# How to make mashed potatoes



## Constance (Apr 5, 2008)

YouTube - Paul McCartney making mashed potatoes


----------



## CharlieD (Apr 6, 2008)

I knew he doesn't know how to sing or play gitar now I know he doesn't know how to make mash potato. But it was funny.


----------



## kitchenelf (Apr 6, 2008)

I'm speechless............. I will have to disagree with CharlieD - it wasn't even funny


----------



## Bilby (Apr 6, 2008)

Two things came to mind while I watched that - 
1) Thank goodness he is a vegetarian.

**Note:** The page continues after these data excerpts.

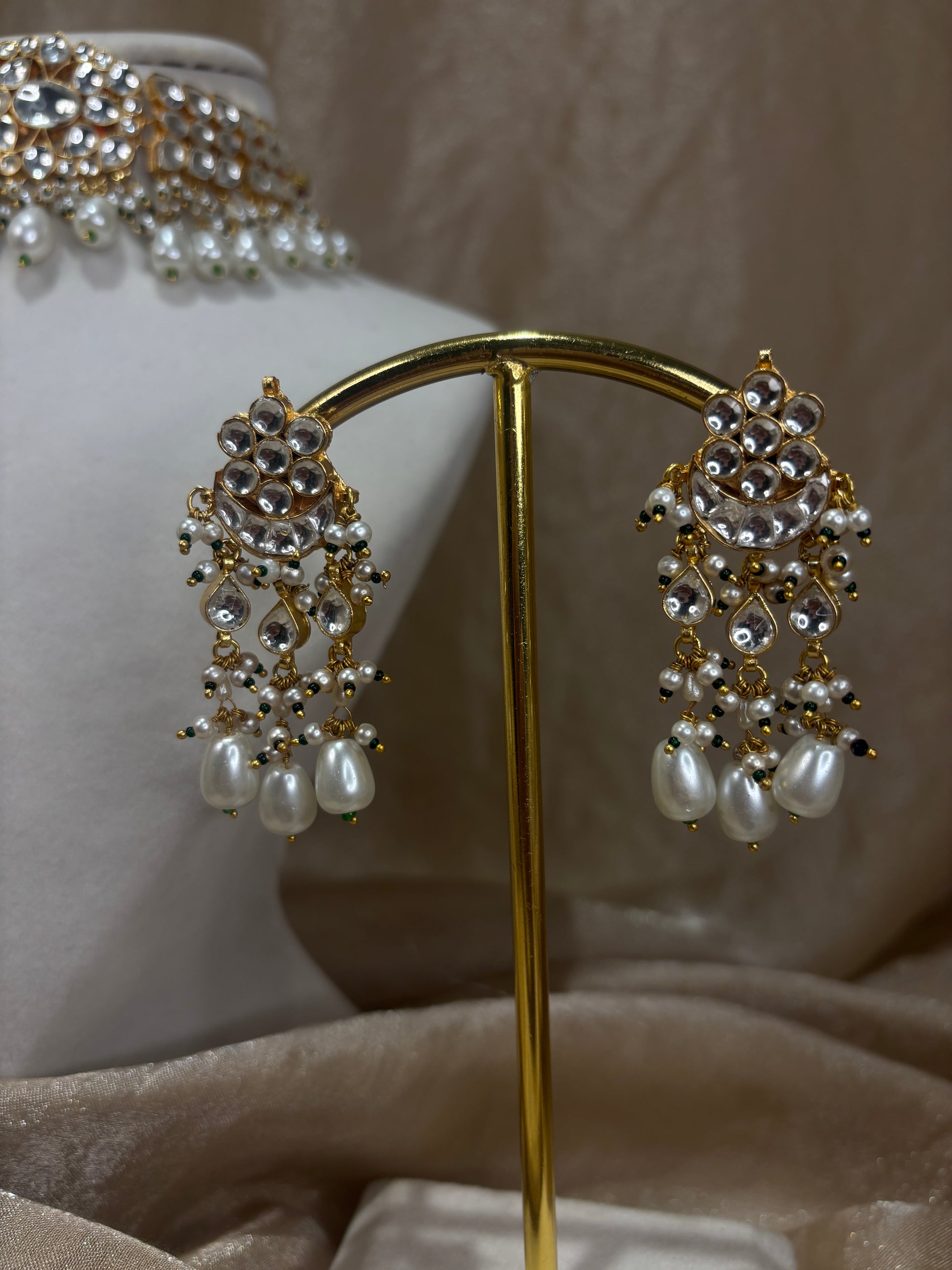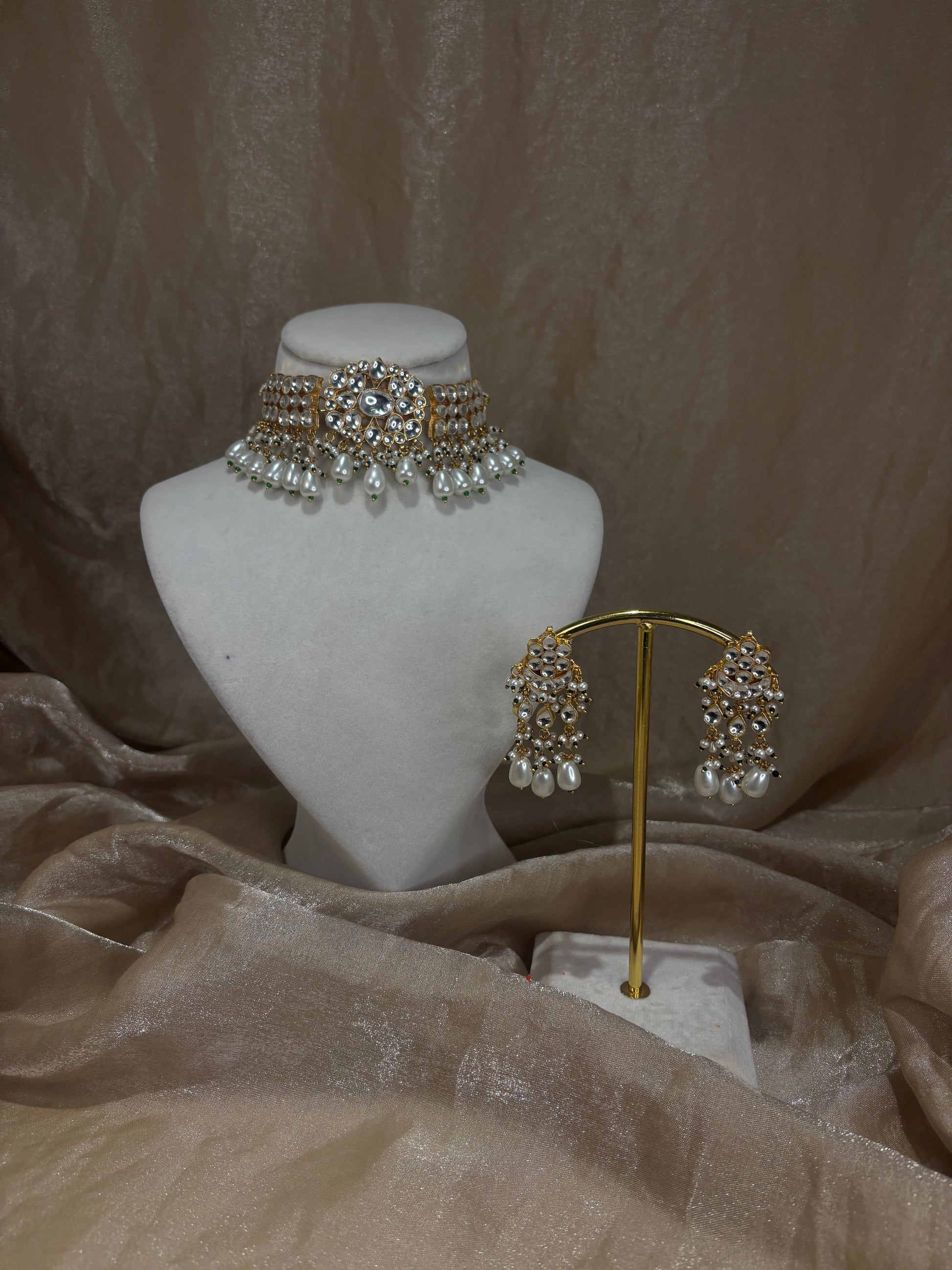 22k gold plated ahmedabadi pachi kundan gold choker with pearl details; comes with earrings
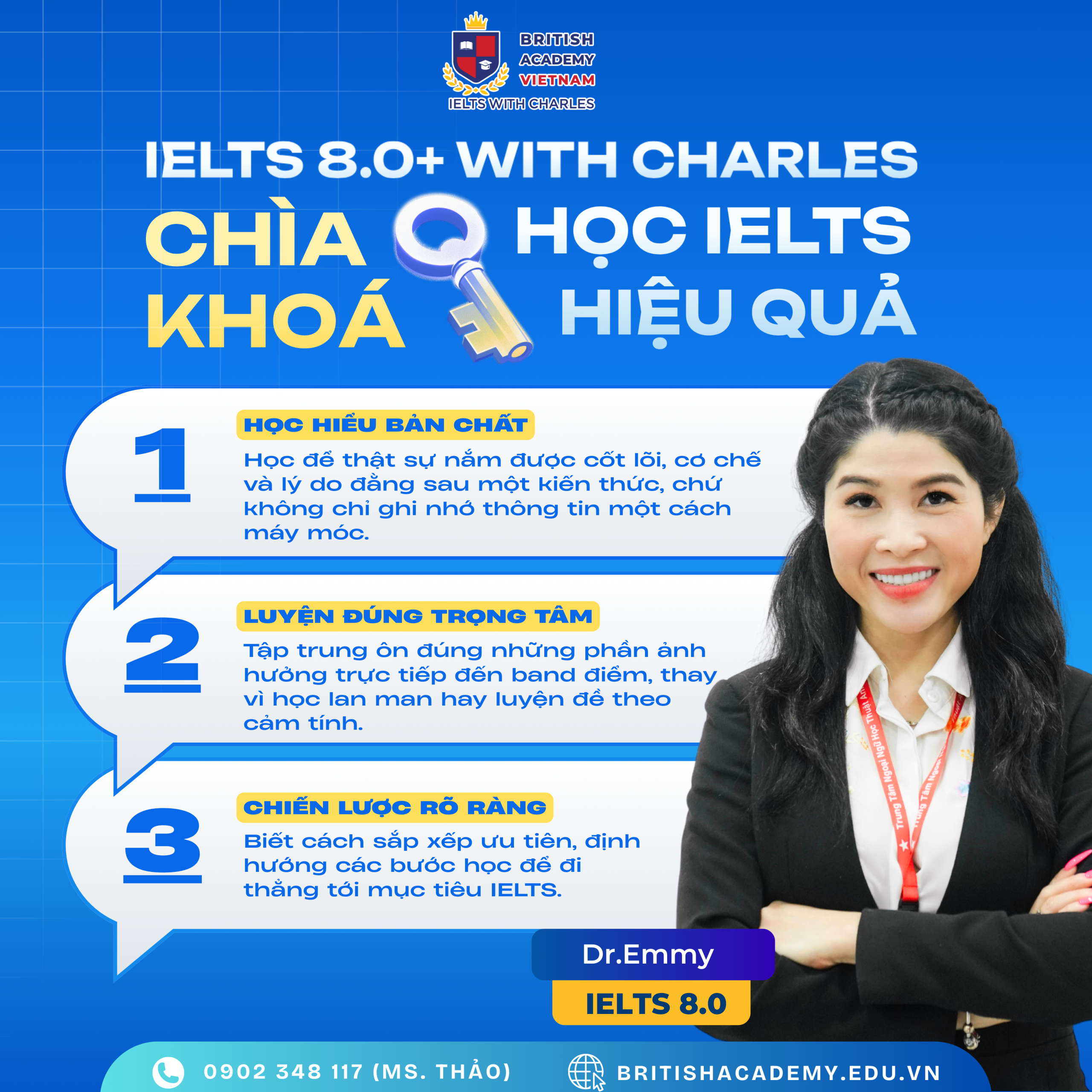 IELTS with Charles là trung tâm luyện thi IELTS uy tín tại TP.HCM trực thuộc British Academy Vietnam được thành lập từ tháng 04/2018 tại London, Anh Quốc bởi Founder Thầy Charles IELTS 9.0 – Người Anh và Tiến sĩ Emmy IELTS 8.0 với sứ mệnh: giúp người Việt ở mọi trình độ đạt IELTS trong thời gian ngắn nhất. Đặc điểm nổi bật của IELTS with Charles không chỉ là sự cam kết về chất lượng đào tạo mà còn là môi trường học tập lý tưởng, nơi mà học viên không chỉ nắm vững kiến thức mà còn phát triển tự tin và kỹ năng ngôn ngữ.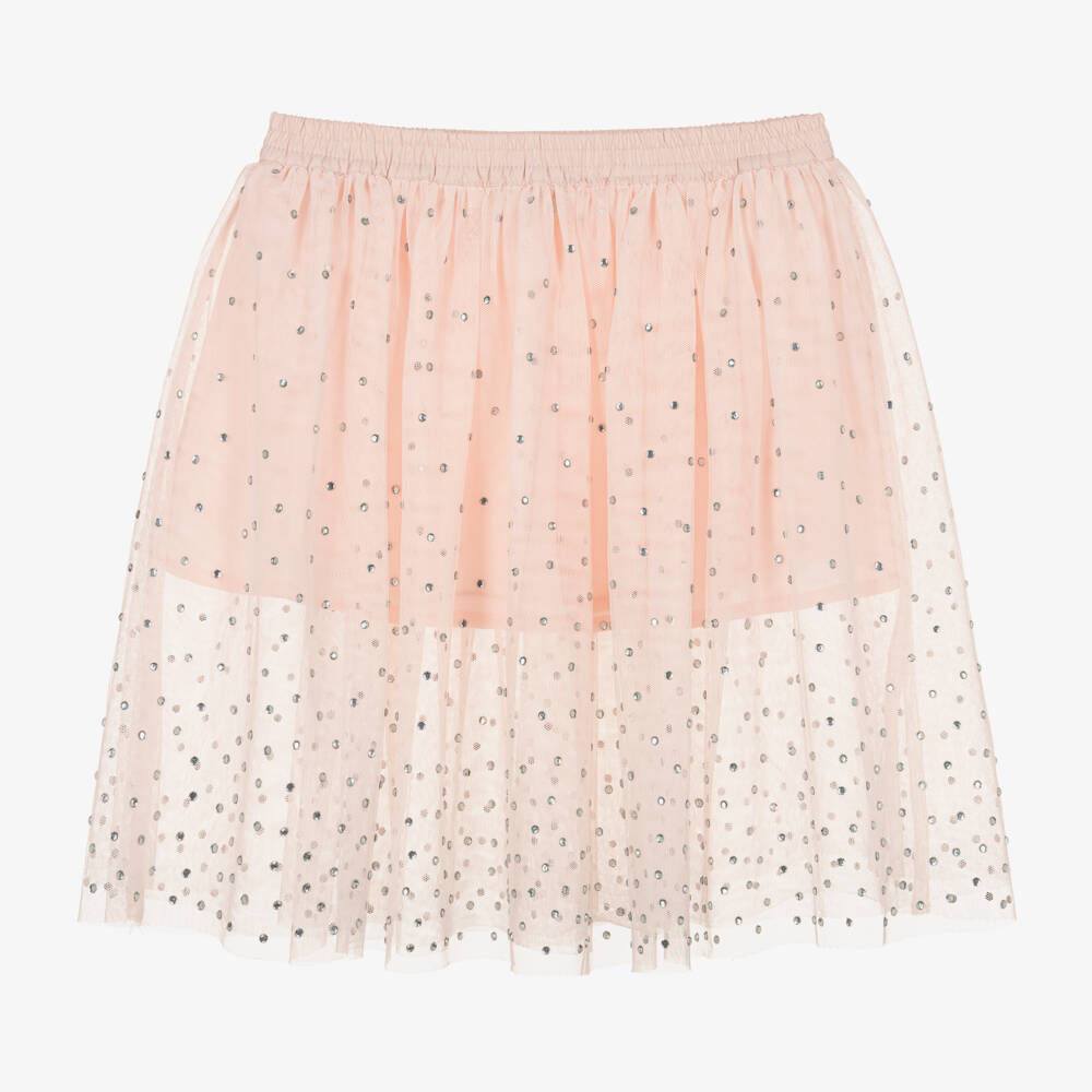 Pretty pink tulle skirt for girls from British brand Stella McCartney Kids. Embellished with diamantés for a touch of sparkle and to catch the eye, this lovely lightweight skirt has a cotton lining for comfort. It easily pulls on with an elasticated waistband and has a loose fit for free movement. The Stella McCartney fit can be quite small so choose a size up if you want room to grow.
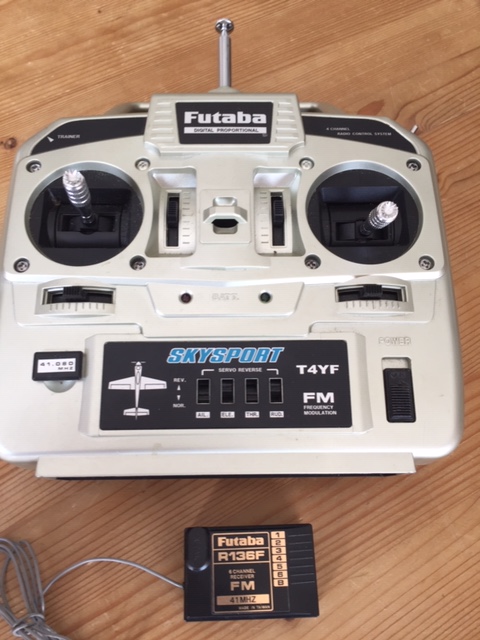 - radio FUTABA T4YF Skysport - 41.080 Mhz et son récepteur FUTABA R136F 41 Mhz. (8 accus dans la radio).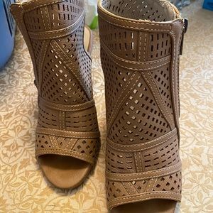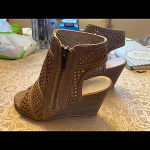 Etc! Brand tanned coloured open toed sandal Brand new, 2.5”-3” wedge heel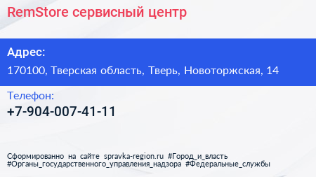 RemStore, сервисный центр по адресу 170100, Тверская область, Тверь, Новоторжская, 14 в дальнейшем Организация, размещена в следующих категориях: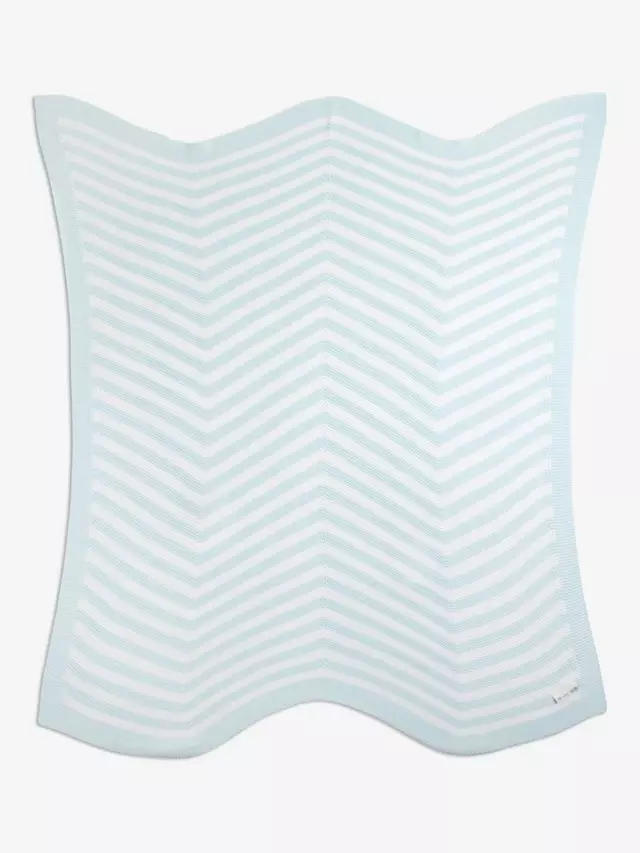 Сделанное из 100% супермягкого хлопка, это классическое шевронное вязанное детское одеяло идеально подходит для того, чтобы надеть его на коляску, когда вам нужен дополнительный слой тепла. Поставляется в ленте, что делает его идеальным подарком ребенку.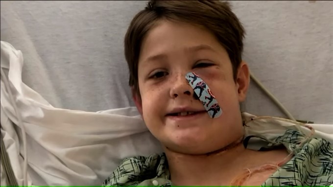 El niño estaba jugando en una casa de árbol cuando una avispa lo atacó, y al tratar de huir tropezó y cayó encima del objeto metálico, traspasándole la parte izquierda de la nariz y la cara hasta la parte trasera del cráneo.

Imagine him butchering meat like the veges!
2) Now I know why he and Heather Mills REALLY broke up!!


----------



## Finmar001 (Apr 6, 2008)

It is very easy to make mashed potatoes


----------



## Katie H (Apr 6, 2008)

The piece was at least 9 minutes too long.  It's mashed potatoes for goodness' sake.


----------



## CharlieD (Apr 6, 2008)

kitchenelf said:


> I'm speechless............. I will have to disagree with CharlieD - it wasn't even funny


 
It was funny not because he was trying tomake it funny, but rather because it was so pathetic.


----------



## RPMcMurphy (Apr 6, 2008)

I like the most recent article cooks illustrated had just a LITTLE better for some reason.....


----------



## Constance (Apr 6, 2008)

Well, I just thought you all might get a kick out of it. It's Paul MacCartney, for goodness sake. 
Oh well.


----------



## kitchenelf (Apr 6, 2008)

We're not saying we didn't like it - I think we're all wondering why he even did it.  I'm seriously glad he has all his fingers after demonstrating how to cut that onion 

This was NOTHING against you posting this - not at all!  

Charlie - OH!!  sad/funny


----------



## pacanis (Apr 6, 2008)

kitchenelf said:


> We're not saying we didn't like it - I think we're all wondering why he even did it. ......


 
I was thinking he did it because his divorce is hitting him harder than he thought.


----------



## RPMcMurphy (Apr 6, 2008)

I thought he did it because his ex-wife couldn't







OHHHH you guys were talking about the FOOD!


----------



## AMSeccia (Apr 6, 2008)

that was hilarious ... no idea he had such a personality!


----------



## Constance (Apr 6, 2008)

kitchenelf said:


> We're not saying we didn't like it - I think we're all wondering why he even did it. /quote]
> 
> He made this shortly after his first wife died. He mentioned her a couple of times...I think he was missing her terribly. People handle their grief in different ways.


----------



## amber (Apr 6, 2008)

I definitely clenched my teeth when he cut the onion and the potatoes, geez I thought he would lose a finger!  Cute though, thanks for posting it Constance.  I have Linda McCartney's cookbook.


----------



## suziquzie (Apr 7, 2008)

Too much Lucy in the Sky with Diamonds in his past maybe?
Goofball. It was cute!


----------



## Marko (Apr 7, 2008)

Charlie:

I wish I could make as much money doing something I couldn't do well as you say he did singing and playing guitar.

Marko


----------



## CharlieD (Apr 8, 2008)

Making money is a difrent story. He could easily share his money with you, me and quite few more people and all of us would live pretty rich life if he did.


----------



## Robo410 (Apr 8, 2008)

all my luvin', can't redeem this recipe...


----------